About this exercise: Of all the lines below, return only those starting with the line holding "3. Dán địa chỉ" and going on through the line holding "- 2300 max PSI", exactly as written.

Dataset extract:
- Opening Delimiter -

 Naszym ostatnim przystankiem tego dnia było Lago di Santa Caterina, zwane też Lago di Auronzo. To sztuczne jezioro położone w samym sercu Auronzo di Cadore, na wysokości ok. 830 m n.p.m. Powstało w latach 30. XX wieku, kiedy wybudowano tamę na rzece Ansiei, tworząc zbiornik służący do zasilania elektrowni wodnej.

- Closing Delimiter -
- Opening Delimiter -

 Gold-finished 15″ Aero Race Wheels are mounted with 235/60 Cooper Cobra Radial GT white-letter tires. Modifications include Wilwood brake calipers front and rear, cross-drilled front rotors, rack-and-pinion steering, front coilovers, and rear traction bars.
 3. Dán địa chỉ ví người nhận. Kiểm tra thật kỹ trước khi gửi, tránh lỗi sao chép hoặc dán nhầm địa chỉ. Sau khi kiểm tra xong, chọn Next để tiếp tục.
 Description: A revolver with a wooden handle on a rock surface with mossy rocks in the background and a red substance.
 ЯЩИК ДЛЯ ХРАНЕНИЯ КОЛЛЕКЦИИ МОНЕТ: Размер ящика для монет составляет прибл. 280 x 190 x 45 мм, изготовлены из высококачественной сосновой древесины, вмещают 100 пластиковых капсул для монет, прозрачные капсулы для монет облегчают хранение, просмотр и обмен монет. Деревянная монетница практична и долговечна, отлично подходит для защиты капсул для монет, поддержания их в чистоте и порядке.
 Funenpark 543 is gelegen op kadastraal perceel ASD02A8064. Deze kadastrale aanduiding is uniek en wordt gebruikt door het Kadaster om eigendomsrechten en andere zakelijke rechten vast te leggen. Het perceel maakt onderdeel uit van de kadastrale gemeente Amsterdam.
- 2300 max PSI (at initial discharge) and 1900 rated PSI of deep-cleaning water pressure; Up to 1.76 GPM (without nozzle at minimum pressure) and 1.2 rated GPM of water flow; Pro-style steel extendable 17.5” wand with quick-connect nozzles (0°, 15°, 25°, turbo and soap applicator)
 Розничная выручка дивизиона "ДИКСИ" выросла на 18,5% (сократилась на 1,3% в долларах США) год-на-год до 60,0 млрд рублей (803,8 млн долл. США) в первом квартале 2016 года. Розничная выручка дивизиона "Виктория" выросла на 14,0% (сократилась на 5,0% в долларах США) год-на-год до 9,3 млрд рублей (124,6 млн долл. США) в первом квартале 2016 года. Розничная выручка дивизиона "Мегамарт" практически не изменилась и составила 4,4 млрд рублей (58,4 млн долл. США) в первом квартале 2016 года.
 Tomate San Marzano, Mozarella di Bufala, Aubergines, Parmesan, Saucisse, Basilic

- Closing Delimiter -
- Opening Delimiter -

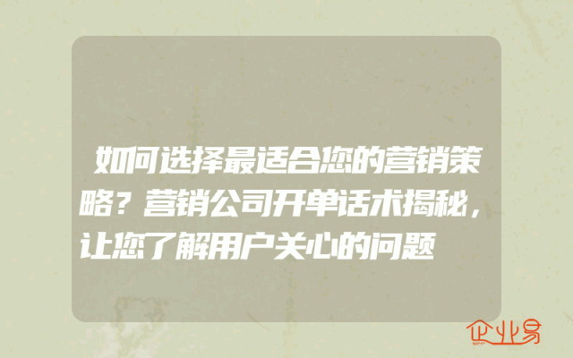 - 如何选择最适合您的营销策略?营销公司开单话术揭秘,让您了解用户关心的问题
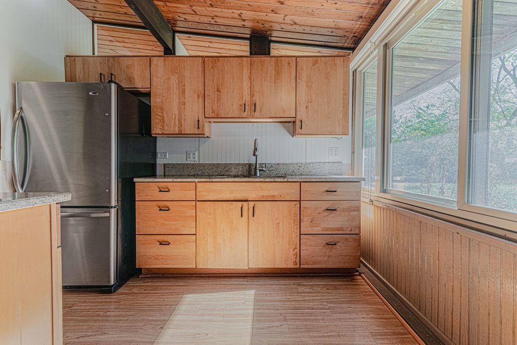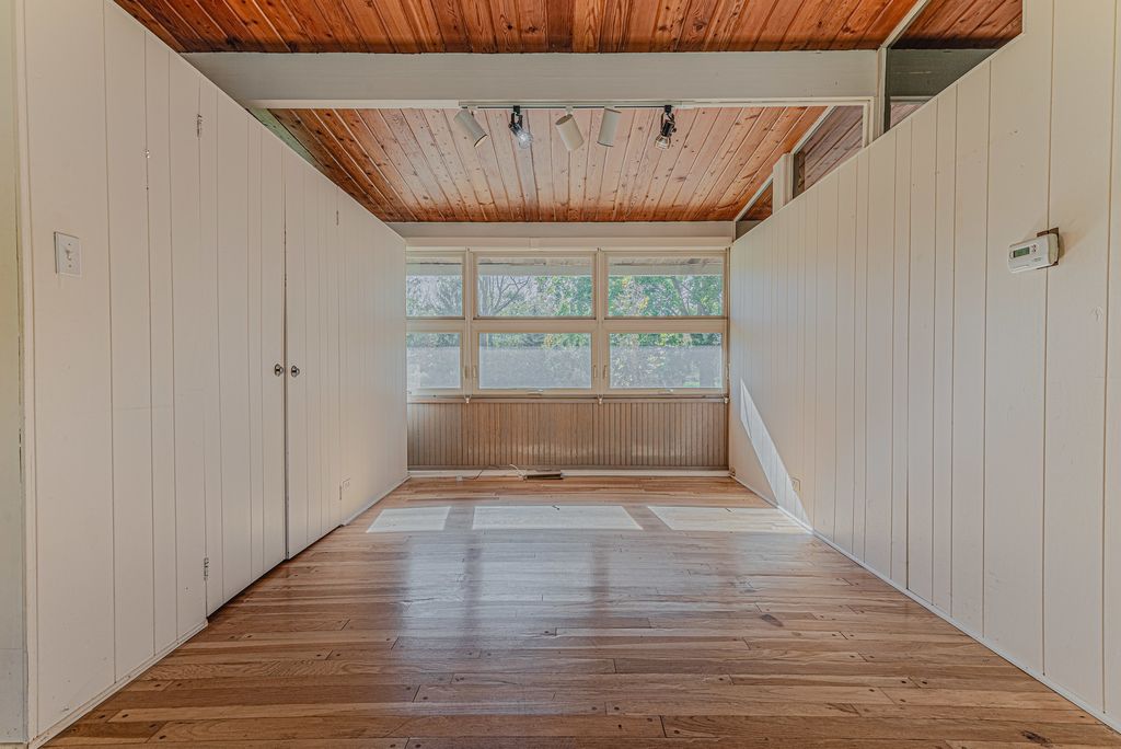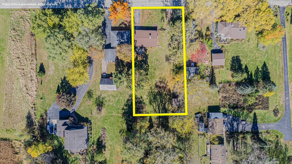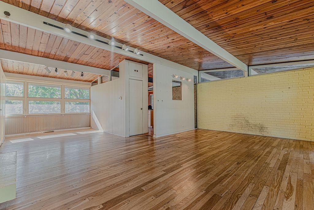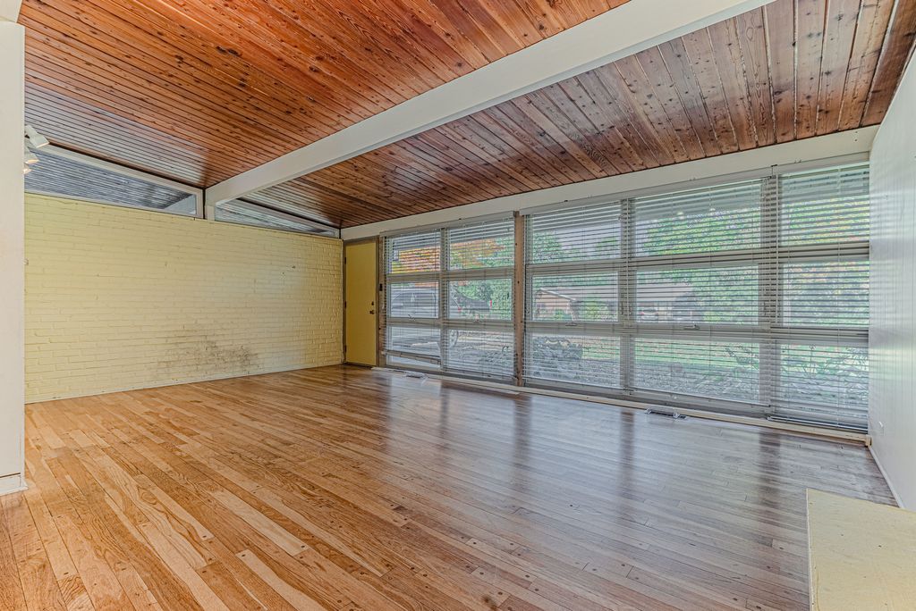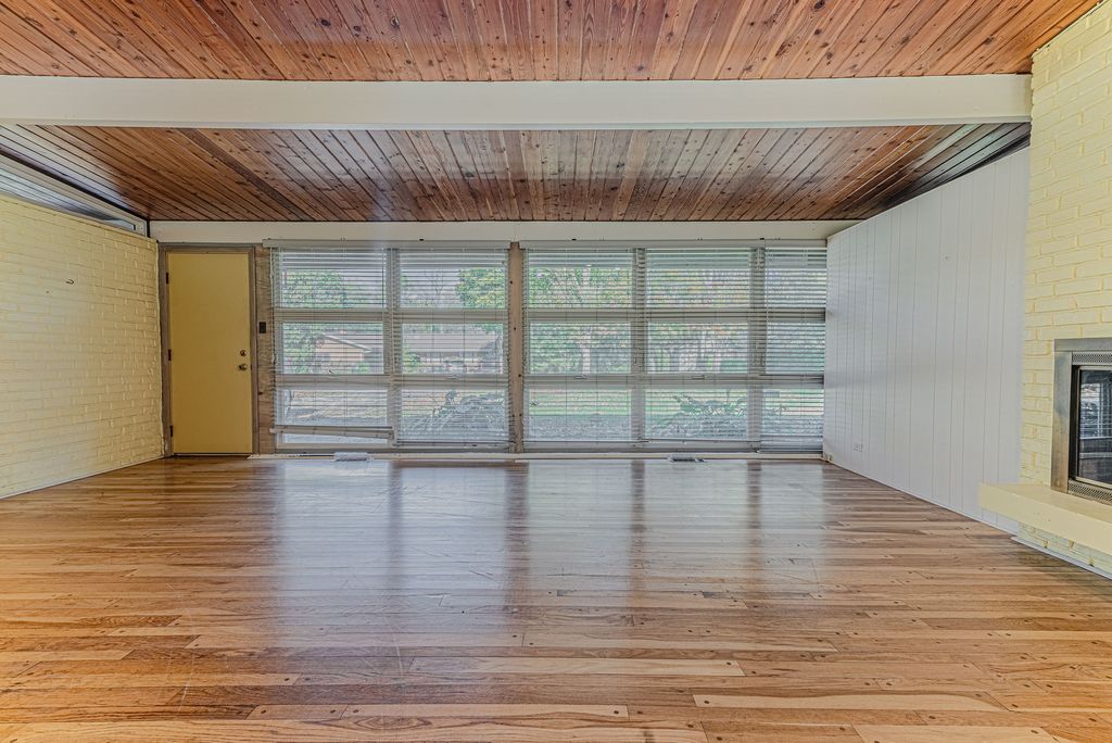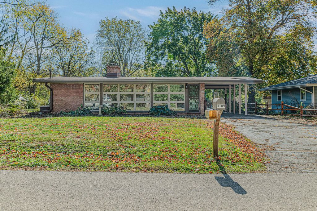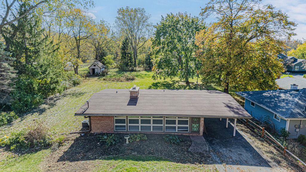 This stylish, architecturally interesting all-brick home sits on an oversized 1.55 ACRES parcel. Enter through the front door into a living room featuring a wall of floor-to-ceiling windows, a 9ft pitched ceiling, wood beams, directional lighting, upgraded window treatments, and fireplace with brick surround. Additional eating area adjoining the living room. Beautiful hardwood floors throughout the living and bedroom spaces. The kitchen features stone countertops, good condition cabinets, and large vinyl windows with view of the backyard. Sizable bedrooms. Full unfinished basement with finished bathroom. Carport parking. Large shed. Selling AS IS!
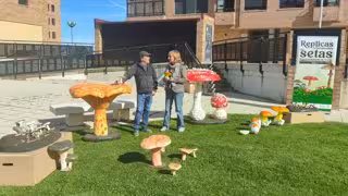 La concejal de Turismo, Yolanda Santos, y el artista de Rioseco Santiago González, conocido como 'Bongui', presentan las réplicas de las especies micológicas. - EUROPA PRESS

- Closing Delimiter -

Result:
 3. Dán địa chỉ ví người nhận. Kiểm tra thật kỹ trước khi gửi, tránh lỗi sao chép hoặc dán nhầm địa chỉ. Sau khi kiểm tra xong, chọn Next để tiếp tục.
 Description: A revolver with a wooden handle on a rock surface with mossy rocks in the background and a red substance.
 ЯЩИК ДЛЯ ХРАНЕНИЯ КОЛЛЕКЦИИ МОНЕТ: Размер ящика для монет составляет прибл. 280 x 190 x 45 мм, изготовлены из высококачественной сосновой древесины, вмещают 100 пластиковых капсул для монет, прозрачные капсулы для монет облегчают хранение, просмотр и обмен монет. Деревянная монетница практична и долговечна, отлично подходит для защиты капсул для монет, поддержания их в чистоте и порядке.
 Funenpark 543 is gelegen op kadastraal perceel ASD02A8064. Deze kadastrale aanduiding is uniek en wordt gebruikt door het Kadaster om eigendomsrechten en andere zakelijke rechten vast te leggen. Het perceel maakt onderdeel uit van de kadastrale gemeente Amsterdam.
- 2300 max PSI (at initial discharge) and 1900 rated PSI of deep-cleaning water pressure; Up to 1.76 GPM (without nozzle at minimum pressure) and 1.2 rated GPM of water flow; Pro-style steel extendable 17.5” wand with quick-connect nozzles (0°, 15°, 25°, turbo and soap applicator)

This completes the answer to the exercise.